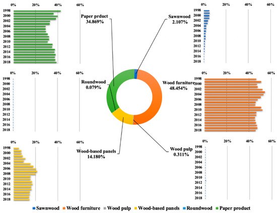 The proportion of the export value of wood forest products of China. Source: calculated according to the data of the United Nations UNCOMTRADE database (the percentage of the pie chart in the middle of Figure 1 represents an average export percentage between 1998 to 2018).
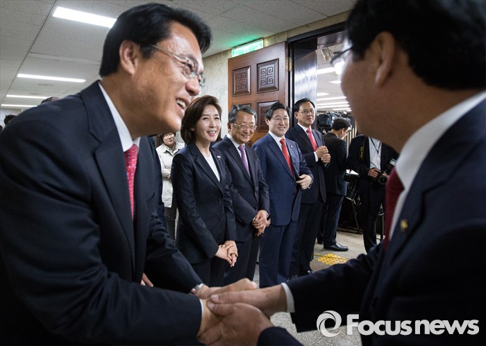 | △ 인사하는 새누리당 원내대표 후보자들 |
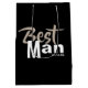 Modern Best Man medium gift bag. Contemporary text in brownish grey and white on a black background with wedding date in classic block text at bottom right. The wedding date can be removed by clearing the text field, or changed to personalize with the best man's name or bride and groom initials.

TASK TO COMPLETE
Output the listing unchanged, pictures excluded.

YOUR SOLUTION
 The proportion of the export value of wood forest products of China. Source: calculated according to the data of the United Nations UNCOMTRADE database (the percentage of the pie chart in the middle of Figure 1 represents an average export percentage between 1998 to 2018).
 | △ 인사하는 새누리당 원내대표 후보자들 |
 Modern Best Man medium gift bag. Contemporary text in brownish grey and white on a black background with wedding date in classic block text at bottom right. The wedding date can be removed by clearing the text field, or changed to personalize with the best man's name or bride and groom initials.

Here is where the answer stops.